Methodological Considerations and Best Practices in Multi-Payer PCMH Evaluations
Evaluations of PCMHs or transformation initiatives often include analyses of multi-payer claims datasets, now that these databases are more readily available. The use of these datasets provides new opportunities and new challenges for funders and evaluators. Evaluation methods should adapt to these datasets by addressing the varying populations included in them and by attempting to identify the mechanisms by which costs are or are not affected by the initiative evaluated.
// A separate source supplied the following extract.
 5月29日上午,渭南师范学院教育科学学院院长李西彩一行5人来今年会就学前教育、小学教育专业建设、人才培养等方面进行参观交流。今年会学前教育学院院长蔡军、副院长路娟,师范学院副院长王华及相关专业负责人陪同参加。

PCMHs can affect health care costs by (1) changing the care processes such that the needed or selected service mix is different for patients served, or (2) by simply steering consumers to lower cost providers with no changes in the needed service mix. These two mechanisms for driving costs are conceptually different and evaluators conducting cost analyses on health care interventions may want to differentiate between them.
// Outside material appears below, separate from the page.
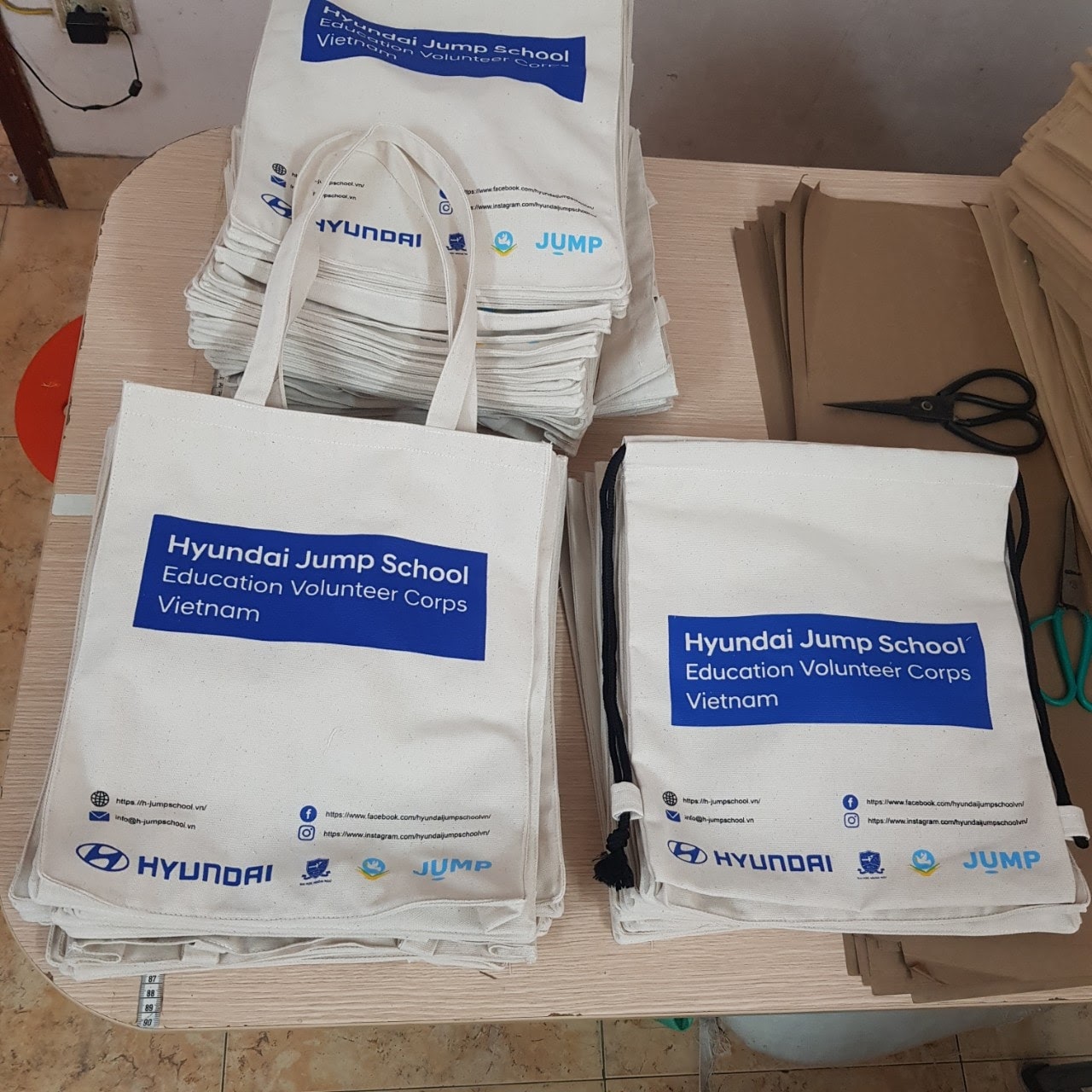 Trong các chiến dịch cộng đồng và giáo dục, Hyundai Việt Nam đã lựa chọn túi vải canvas in logo để làm quà tặng cho dự án Hyundai Jump School – Education Volunteer Corps Vietnam. Đây là dòng túi được in ấn với thiết kế hiện đại, logo nổi bật, phù hợp để sử dụng trong các chương trình thiện nguyện, đào tạo và hoạt động CSR.

Adjusting for prices or payment rates is also important for evaluating health care transformation initiatives such as PCMHs because price variation can affect the results of evaluations or the interpretation thereof. The amounts paid for identical or similar services can vary widely across payers and providers. Medicaid, Medicare, and private insurers pay different amounts for the same services, and like services cost more at academic medical centers than at community hospitals. Price-adjustment standardizes the amounts paid in health care claims to reduce or eliminate the effect of differential prices or payments across health plan contracts, different payers, and different places of service for like medical procedures and treatments. When assessing health care transformation with multiple payers and populations, price adjustment may become just as widely used and essential as risk-adjustment.
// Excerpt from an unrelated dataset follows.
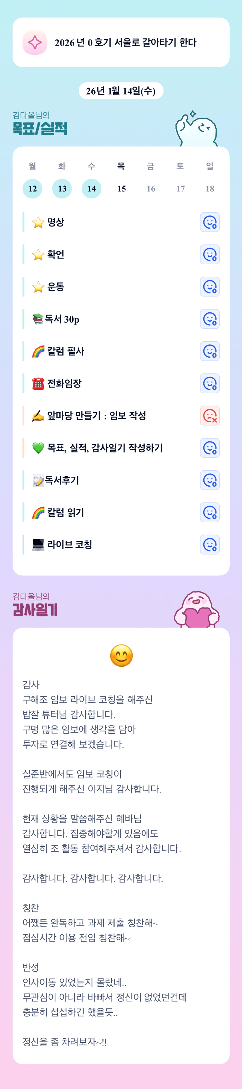 꾸준한 다올님.. 멋져... 열심히하다보면 놓치는게 많이 생기는거 같아여 ㅜㅜ 그래도 역지사지 잘 이해보려고 하는 모습 멋지닷!!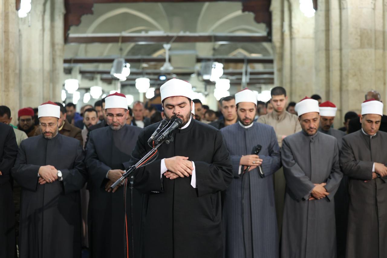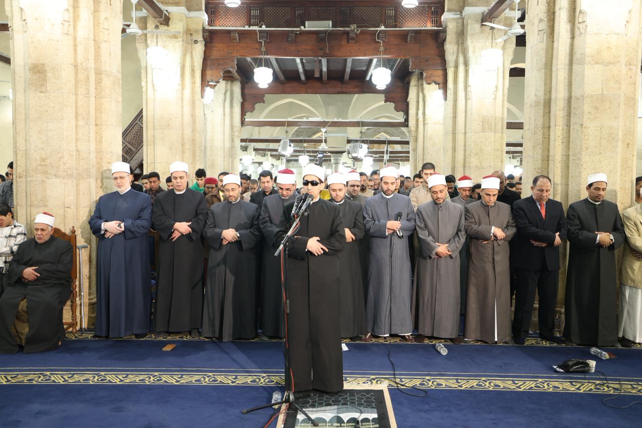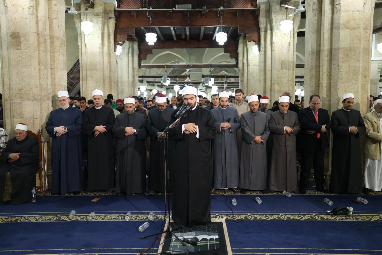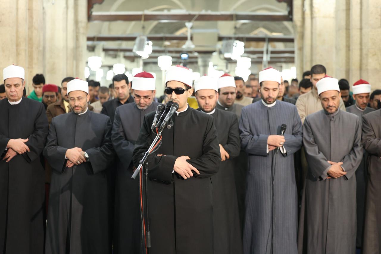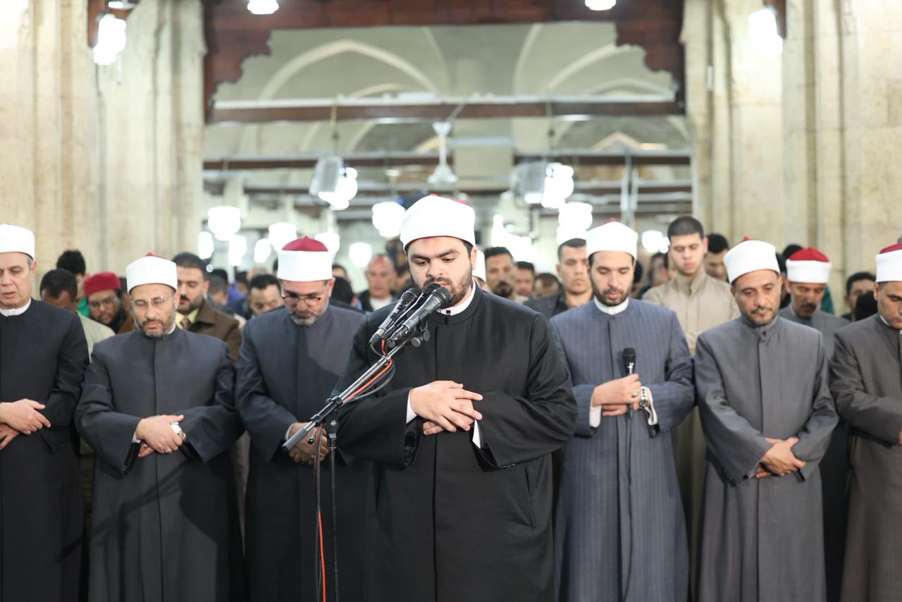 وأمَّ المصلين في صلاة العشاء الشيخ سمير زيدان، قارئًا برواية حفص عن عاصم من سورة الزمر، فيما أمَّ المصلين في صلاة التراويح الشيخ محمد عبدالنبي جادو، برواية إسحاق عن خلف العاشر، من سورة الزمر، وشاركه في الإمامة الشيخ محمد علاء الدين، برواية أبوالحارث عن الكسائي الكوفي، من سورة غافر، وشاركهما الدكتور محمود عزازي، برواية رويس عن يعقوب الحضرمي، من سورة غافر، فيما صلى الشفع والوتر الشيخ محمد عبدالجواد، في مشهد يعكس عناية الأزهر الشريف بإحياء سنة القراءات القرآنية المتواترة وإتاحة الفرصة للقراء الشباب للمشاركة في إمامة المصلين.

This paper discusses our application of the HealthPartners Total Cost of Care methodology to a multi-payer health care claims database constructed to assess Rhode Island’s PCMHs supported by its Care Transformation Collaborative (RI-CTC). We calculated price-adjusted health care expenditures using the amounts paid on the claims to determine whether the effects of medical homes on costs would be different when the cost data were adjusted to account for differential prices and payment rates. Other methodological consideration are also discussed, including the importance of assessing cost components rather than total costs, options for patient assignment, and handling differential observation periods among those in the dataset.